There was a time when it was very easy for me to convince people of the danger of private student loans. I would tell families that private student loans almost always require co-signers and usually that was enough to scare them away. If that didn’t work, I could point out that private student loans are variable loans so you don’t know exactly how much you are going to be paying. Usually this was all people needed to hear, but for those who still were not deterred, all I had to do was say that private student loans are not discharged even by the death of the student. As a co-signer, you will be culpable for the balance of the loan, even if you are mourning the premature death of your 20-year-old child.
Well, many of those deterrents to private student loans are no longer in effect as private student lenders heard those complaints and made adjustments. The co-signer is still almost always required, unless a student has established an unprecedented level of quality credit, and that is rare for a teen or young 20-something. Private student loans now offer fixed rates so the variable rate argument is no longer applicable. About five years ago, private student loans from the better lenders did away with their previous policy of not discharging loans after death. Argument number two just got extirpated.
I used to point out that private student loans could not be deferred like federal student loans and now even that is no longer true.

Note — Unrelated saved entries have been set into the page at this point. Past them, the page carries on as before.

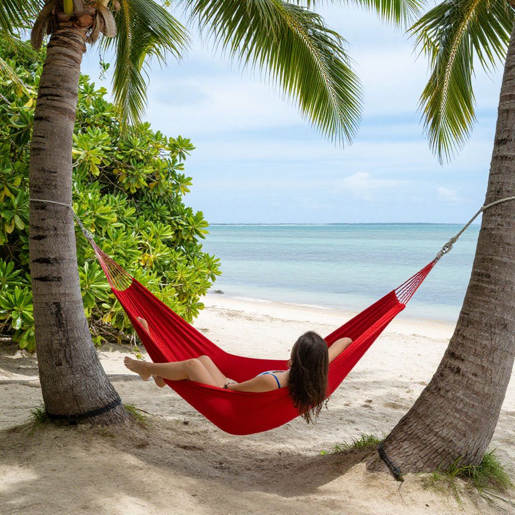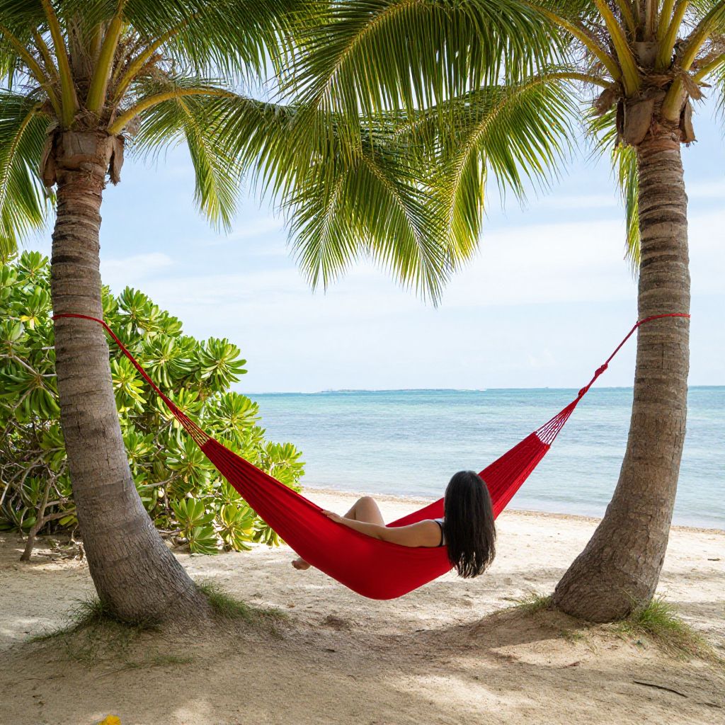Woman lounging in a vibrant red hammock suspended between two palm trees on a serene tropical beach, surrounded by lush greenery and overlooking calm turquoise waters under a clear sky.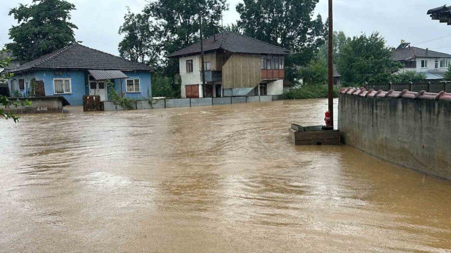 Batı Karadeniz Bölgesi’nde iki gündür aralıklarla yağan şiddetli yağışlar etkili oluyor. Düzce merkeze bağlı Gündolaması köyünde de gece saatlerinden itibaren başlayan sağanak yağış ile köyün içinden geçen dere taştı. Taşkınla beraber köyün merkezi sular altında kaldı. Bölgede birçok evi su basarken, vatandaşlar köy meydanından tahliye edildi.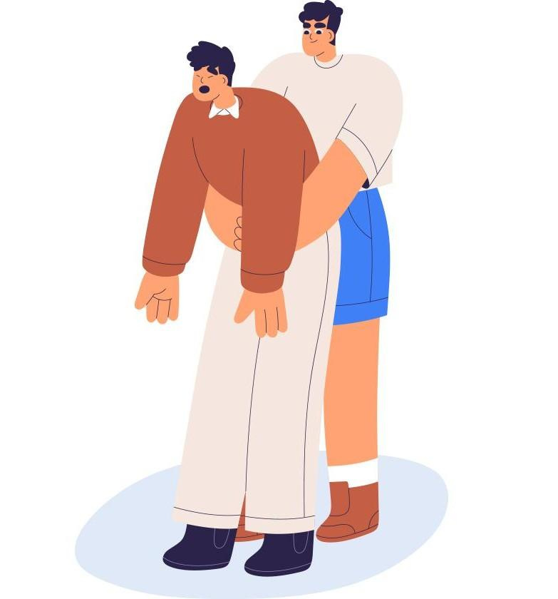 Как правильно? Если человек может дышать, не трогайте его. А вот когда на вопрос «Ты можешь дышать?» он отрицательно мотает головой или вообще ничего не отвечает, нужно помочь ему согнуться так, чтобы спина была параллельна полу, и раз пять очень сильно хлопнуть открытой ладонью по центру спины.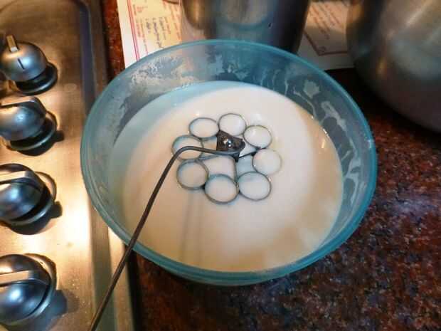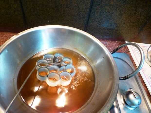 Inmediatamente después de sacar el molde del aceite caliente, sumergir en la mezcla a cerca de dos tercero profundidad del molde. No sumerja el molde en la masa. Cuando se quita de la mezcla, usted puede encontrar una fina capa de masa que se pegue al molde (ver segunda foto).

Another argument against private student loans was that if you ran into a tough time, they offered virtually no flexibility, but now many of them will offer forbearance options for up until a year.
If this isn’t enough, while federal loans have origination fees, private student loans generally do not. Some private loans even offer superior rates for students who have excellent grades, something akin to the good student driver discounts that insurance companies offer.
Well, if all this is true, why do I remain so cynical about private student loans? Here are six reasons that I still rarely recommend a student take out a private student loan:
- Federal direct student loans are vastly superior loans. They offer substantially better rates, the potential for the government subsidizing the interest, better repayment options, and no credit check or co-signer is required. If an undergraduate dependent student can already borrow $27,000-$31,000 for their undergraduate studies (the federal maximum for undergraduates), most student do not need to borrow more than this. This is already going to lead a student to have to pay approximately $300-330 a month for ten years, so borrowing more than that for most students is irresponsible and unadvisable.
- Private student loans do not offer the potential for loan forgiveness.
- Private student loans have nowhere near the flexibility in repayment options that federal loans have.
- Private student lenders frequently have deceitful literature. The more honest ones will tell you that there is no way you should select a private loan over a federal direct loan when you talk with them, but when you read their literature, it is a lot more nuanced and subtle.
- Private student loans like to compare their loans to the Parent PLUS loans but what they don’t often tell you is that the Parent PLUS loans offer much more flexibility with their repayment options. They also never mention that Parent PLUS loans can be converted to consolidated loans and, through the income contingent repayment, they have at least the potential to qualify for public service loan forgiveness (PSLF).
- A lot of private lenders use teaser rates to draw students and parents in but usually those rates are only good when a co-signer is in the top three percent of the nation in terms of their credit score.
Are there rare instances when private loans make sense? I can’t deny that, but it is rarely advisable. Have private student loans improved? Yes, I cannot debunk that either, but don’t ever forget the recent headline from a CNN/Money article, “Wells Fargo says it faces a one-billion fine over its loan scandals.” It isn’t only Wells Fargo that is susceptible to corporate greed.